My change caused a strong reaction from a lot of mutated matter in my dimensional field. One night, I got up immediately after going to sleep because my mind was in a mess. I couldn’t lie down for a minute with my eyes closed. I knew the interference was not me, and I should send righteous thoughts to eliminate it. I put on headphones to listen to the Fa, and fell asleep in a daze. Upon waking up, I felt much better, but still sensed chaos. I was very afraid because I understood how mental illness comes about.

In the morning, I did the second Dafa exercise of “holding the wheel.” In one hour, my mind went through four sets of chaotic, vivid memories, from the workplace to the family, and then to the arguments with police, and so on. I discussed my situation with other practitioners and asked them to send righteous thoughts to help me. However, I couldn’t study the Fa, nor concentrate on sending righteous thoughts. I was unable to sleep all night for two or three nights, and even had doubts about my determination to send righteous thoughts. Lying in bed in serious pain one day, I kept saying in my mind, “Choose Master! choose Dafa!” Resisting the chaotic thoughts, I got up and sent righteous thoughts. In an instant, my mind became much purer, and I finally experienced the power of sending righteous thoughts. Sincerely, thanks to Master!

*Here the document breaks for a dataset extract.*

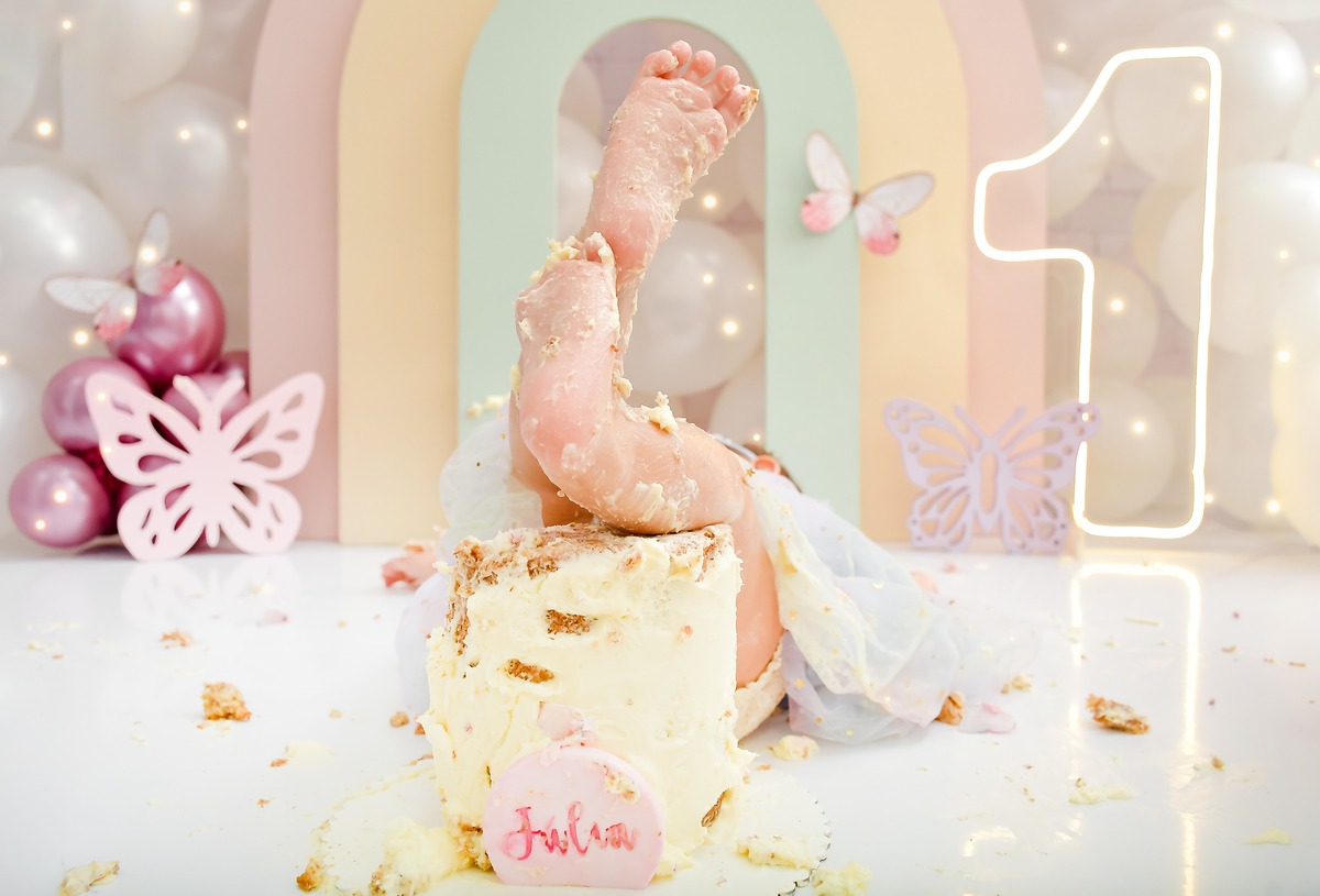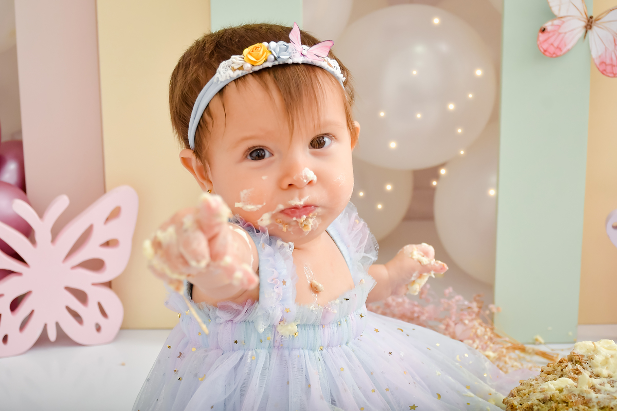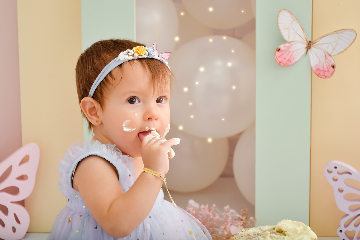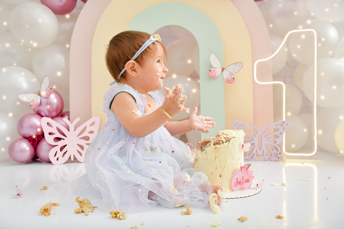 Julia, a linda borboleta arco-íris, celebrando seu primeiro aninho trazendo ainda mais luz e cores para o mundo. 🦋🌈✨

I identified many attachments, including zealotry, showing off, impatience, seeking comfort, wanting to escape, and pursuing profit, resentment, and influence from the CCP’s indoctrination. I sent righteous thoughts to eliminate the attachments so I could begin to study the Fa earnestly and memorize the Fa. I also identified my worries, affection for my child, fear, being self-opinionated, etc. I felt ashamed for letting Master worry so much.

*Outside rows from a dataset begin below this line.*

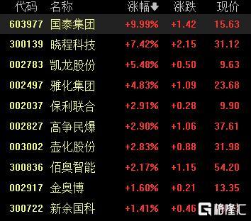 民爆概念股走强,国泰集团涨停,晓程科技涨超7%,凯龙股份涨超5%,雅化集团、保利联合、高正民爆等跟涨。
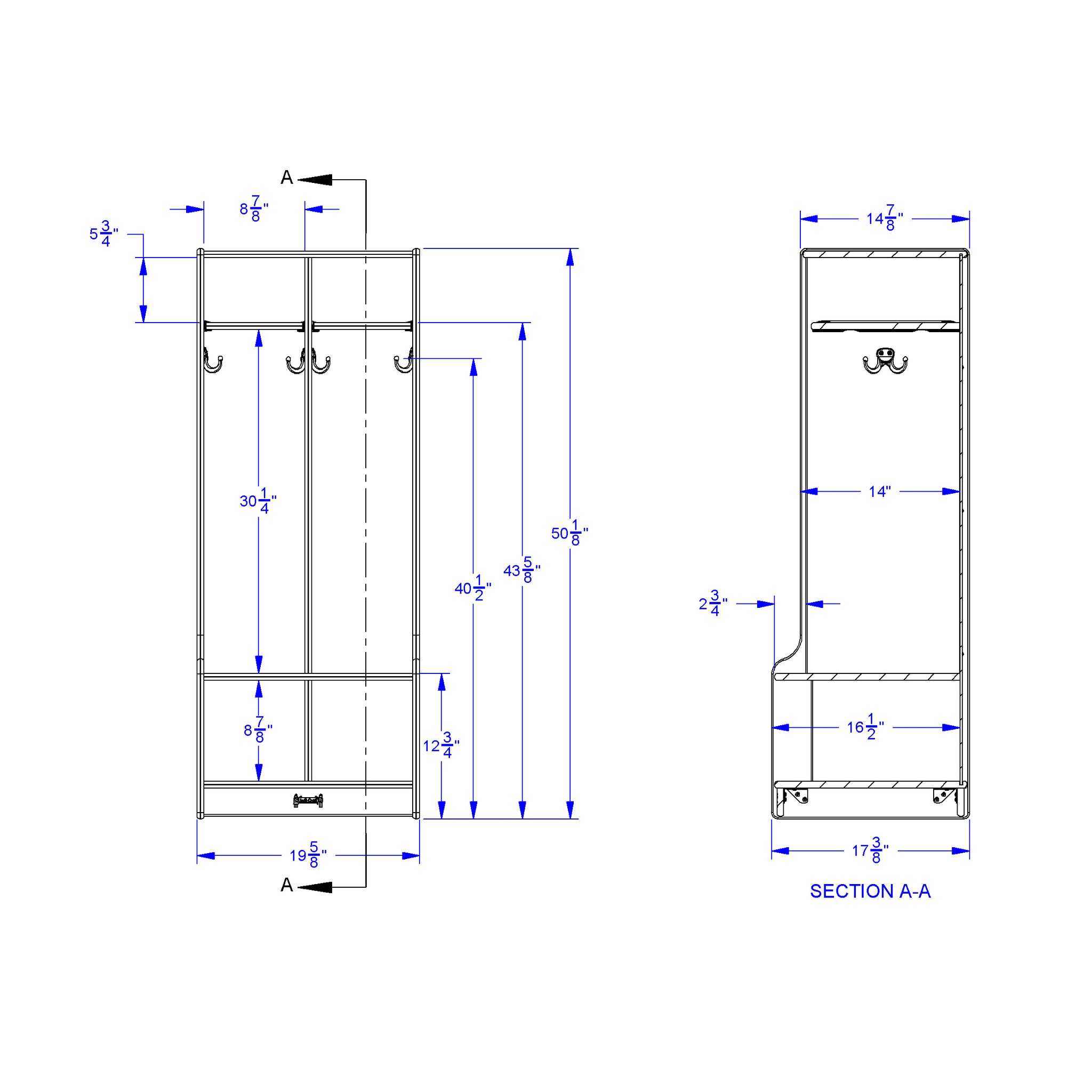 Two section locker with step for sitting. Four double coat hooks. Stationary.
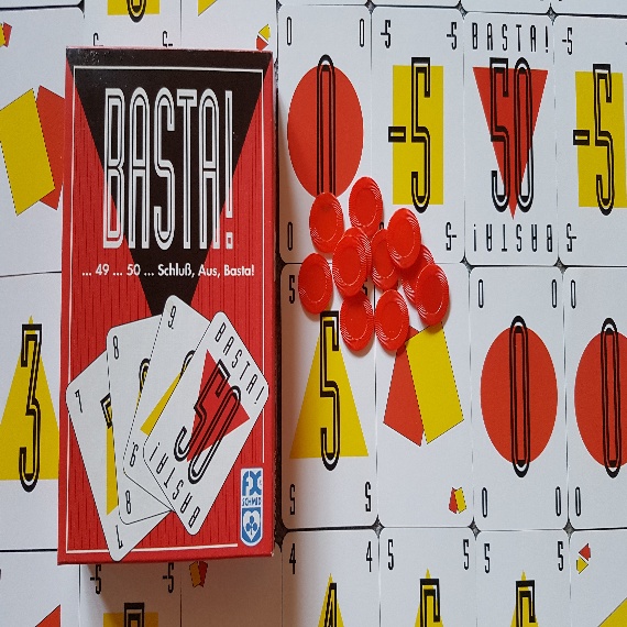 ..38... und eine Fünf sind 43... und eine Sieben sind 50... - und jetzt ist Schluß, Aus, Basta! Niemand darf über 50 Punkte kommen! Also aufgepaßt und lieber eine der vielen besonderen Aktionskarten gespielt, die für Abwechslung und Spannung sorgen.
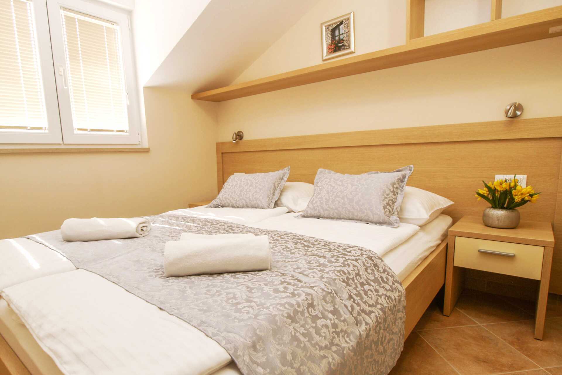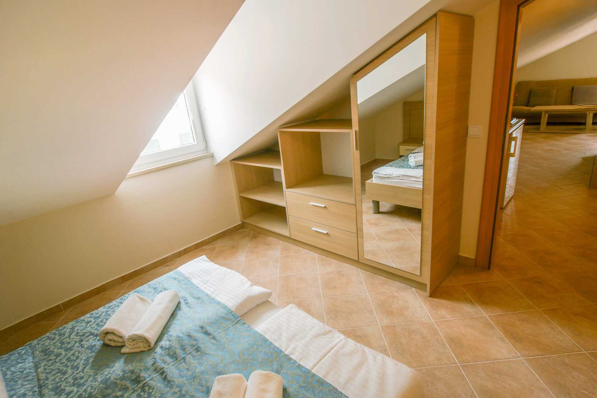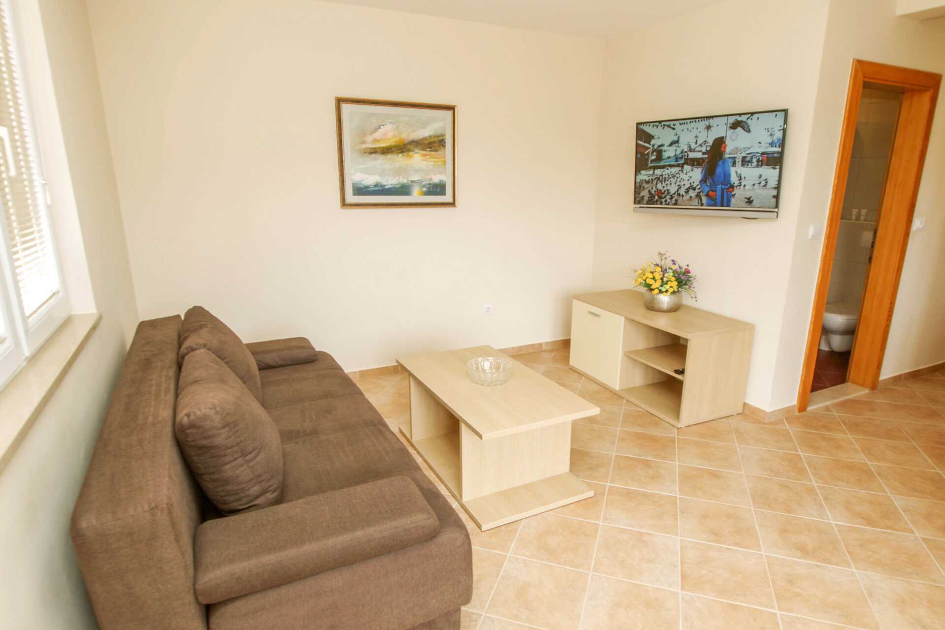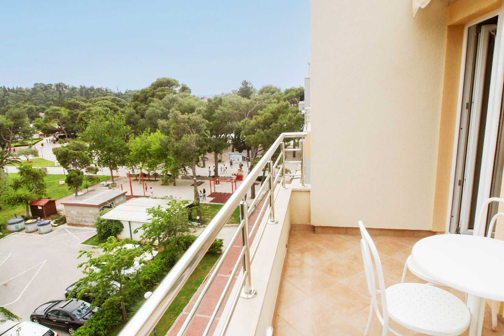 Studio met balkon, sommige met beperkt uitzicht op zee. Slaapkamer en woonkamer gecombineerd met kitchenette. Sommige appartementen op de bovenste verdieping hebben schuine plafonds. Een tweepersoonsbed of twee eenpersoonsbedden. Mogelijkheid voor extra bedden in slaapbank. Minikeuken met kookplaten, koelkast, waterkoker, koffiezetapparaat en eenvoudige keukenapparatuur. Wifi, airconditioning en kluisje inbegrepen. Tv met internationale zenders. Föhn. Badkamer met douche en toilet. Schoonmaak 6 keer/week.

I repeatedly studied the Fa to improve and truly distinguish myself from the old forces, thought karma, and other bad factors. Only by finding myself first could I eliminate the bad elements.

Master will definitely make the best arrangements for practitioners, so we can walk the right path of cultivation. I choose to go home with Master. I know that only compassionate Master can save me and will never give up on me.